# Cascaded SDS 시스템 테스트 입니다.
Whisper - GPT2 - googleTTS

In [None]:
!pip install torch transformers gtts sounddevice soundfile numpy pygame librosa

Collecting torch
  Downloading torch-2.5.1-cp312-cp312-manylinux1_x86_64.whl.metadata (28 kB)
Collecting transformers
  Downloading transformers-4.46.3-py3-none-any.whl.metadata (44 kB)
Collecting gtts
  Downloading gTTS-2.5.4-py3-none-any.whl.metadata (4.1 kB)
Collecting sounddevice
  Downloading sounddevice-0.5.1-py3-none-any.whl.metadata (1.4 kB)
Collecting soundfile
  Using cached soundfile-0.12.1-py2.py3-none-manylinux_2_31_x86_64.whl.metadata (14 kB)
Collecting numpy
  Downloading numpy-2.1.3-cp312-cp312-manylinux_2_17_x86_64.manylinux2014_x86_64.whl.metadata (62 kB)
Collecting pygame
  Downloading pygame-2.6.1-cp312-cp312-manylinux_2_17_x86_64.manylinux2014_x86_64.whl.metadata (12 kB)
Collecting librosa
  Using cached librosa-0.10.2.post1-py3-none-any.whl.metadata (8.6 kB)
Collecting filelock (from torch)
  Downloading filelock-3.16.1-py3-none-any.whl.metadata (2.9 kB)
Collecting networkx (from torch)
  Downloading networkx-3.4.2-py3-none-any.whl.metadata (6.3 kB)
Collecting jin

In [5]:
import torch
from transformers import WhisperProcessor, WhisperForConditionalGeneration
from transformers import GPT2LMHeadModel, GPT2Tokenizer
from gtts import gTTS
# import sounddevice as sd
import soundfile as sf
import numpy as np
# import pygame
import time
import os
import librosa

In [7]:
print(torch.cuda.is_available())
print(torch.cuda.device_count())

True
3


In [18]:
class SpeechAIAssistant:
    def __init__(self, force_cpu=False):
        print("Initializing Speech AI Assistant...")

        # Set up device
        self.device = self._setup_device(force_cpu)
        print(f"Using device: {self.device}")

        # Initialize Whisper for STT
        print("Loading Whisper model...")
        self.whisper_processor = WhisperProcessor.from_pretrained("openai/whisper-base")
        self.whisper_model = WhisperForConditionalGeneration.from_pretrained(
            "openai/whisper-base"
        )
        self.whisper_model = self.whisper_model.to(self.device)

        # Initialize GPT-2 for text generation
        print("Loading GPT-2 model...")
        self.gpt2_tokenizer = GPT2Tokenizer.from_pretrained("gpt2")
        self.gpt2_model = GPT2LMHeadModel.from_pretrained("gpt2")
        self.gpt2_model = self.gpt2_model.to(self.device)

        # Initialize pygame for audio playback
        # pygame.mixer.init()

        # Print model memory usage if using CUDA
        if self.device.type == "cuda":
            self._print_gpu_memory_usage()

        print("Initialization complete!")

    def _setup_device(self, force_cpu):
        """Setup the device (CPU/GPU) for model inference"""
        if force_cpu:
            return torch.device("cpu")

        if torch.cuda.is_available():
            # Get the GPU with the most free memory
            gpu_id = 0
            if torch.cuda.device_count() > 1:
                free_memory = []
                for i in range(torch.cuda.device_count()):
                    torch.cuda.set_device(i)
                    torch.cuda.empty_cache()
                    free_memory.append(
                        torch.cuda.get_device_properties(i).total_memory
                        - torch.cuda.memory_allocated(i)
                    )
                gpu_id = free_memory.index(max(free_memory))

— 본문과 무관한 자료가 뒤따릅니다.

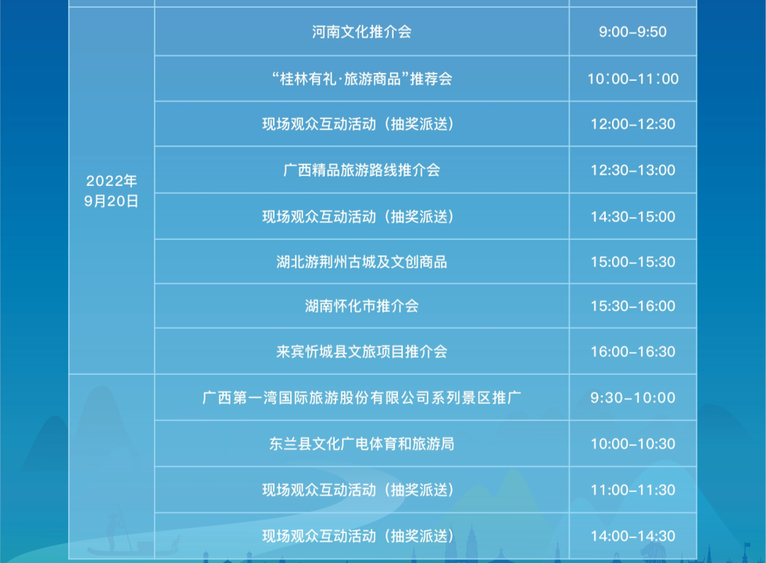 旅游展发挥平台和辐射作用,展会期间将同期举办推进旅游业复苏合作展望论坛、中国—东盟博览会旅游展圆桌研讨会、一对一买卖家专业洽谈会、首届全国气象文旅产业融合发展研讨会、2022全国文化遗产旅游主题论坛、文旅助力乡村振兴发展研讨会、地学旅游分展区论坛等十余项丰富多彩的配套活动,丰富旅游展的展会内涵,进一步提升展会的影响力。

            device = torch.device(f"cuda:{gpu_id}")
            print(
                f"Found {torch.cuda.device_count()} GPU(s), using GPU {gpu_id}: {torch.cuda.get_device_name(gpu_id)}"
            )
            return device
        else:
            print("No GPU found, using CPU")
            return torch.device("cpu")

    def _print_gpu_memory_usage(self):
        """Print current GPU memory usage"""
        if self.device.type == "cuda":
            print("\nGPU Memory Usage:")
            print(
                f"Allocated: {torch.cuda.memory_allocated(self.device) / 1024**2:.2f} MB"
            )
            print(f"Cached: {torch.cuda.memory_reserved(self.device) / 1024**2:.2f} MB")

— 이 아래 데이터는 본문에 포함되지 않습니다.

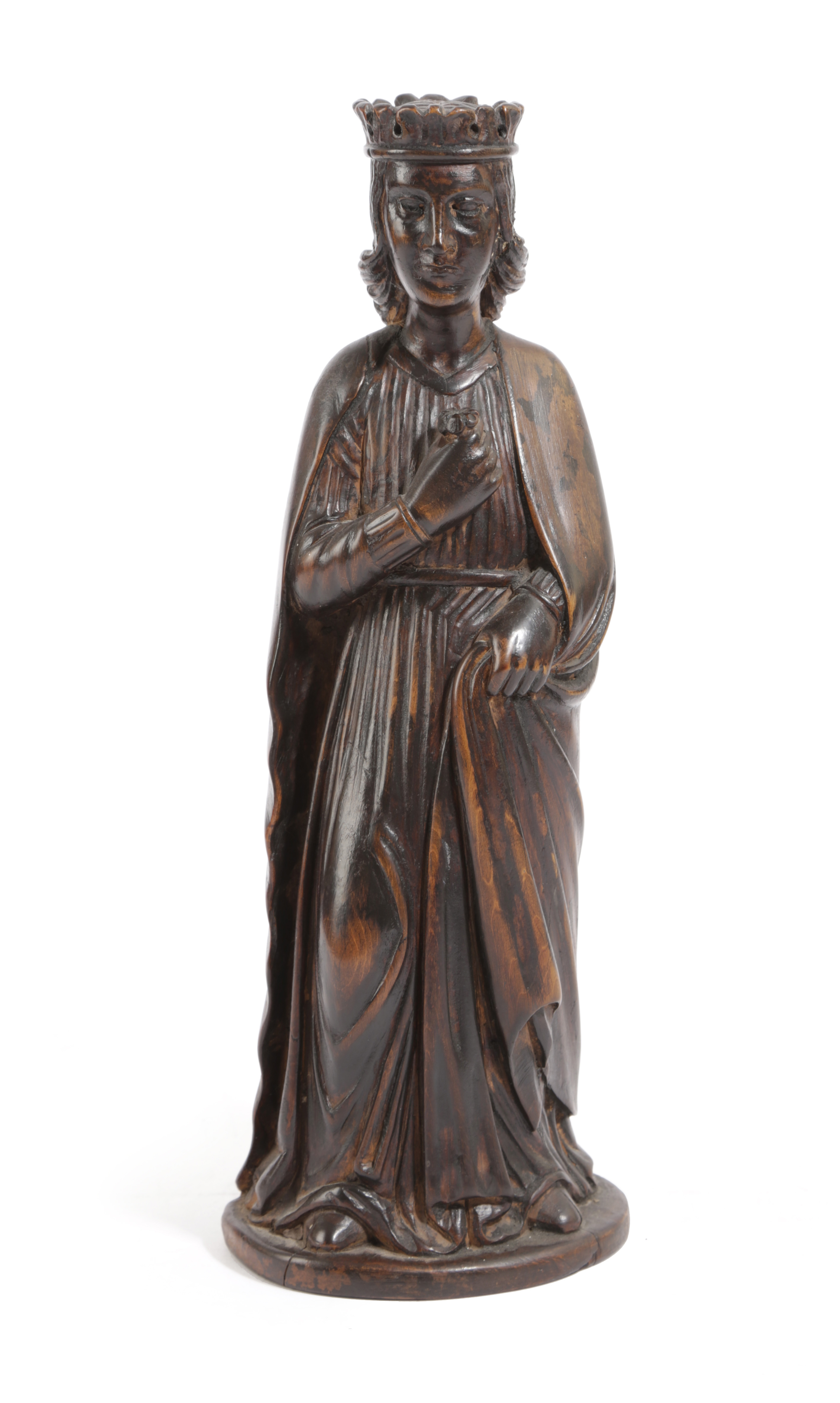 A NORTH EUROPEAN CARVED WALNUT FIGURE OF A FEMALE SAINT

    def read_audio_file(self, file_path, target_sr=16000):
        """
        Read audio file and preprocess it for the Whisper model
        Supports various audio formats (wav, mp3, etc.)

        Args:
            file_path (str): Path to the audio file
            target_sr (int): Target sampling rate (Whisper expects 16kHz)

        Returns:
            numpy.ndarray: Processed audio array
        """
        try:
            # Load audio file and resample if necessary
            print(f"Reading audio file: {file_path}")
            audio, sr = librosa.load(file_path, sr=target_sr)

            # Convert to mono if stereo
            if len(audio.shape) > 1:
                audio = librosa.to_mono(audio)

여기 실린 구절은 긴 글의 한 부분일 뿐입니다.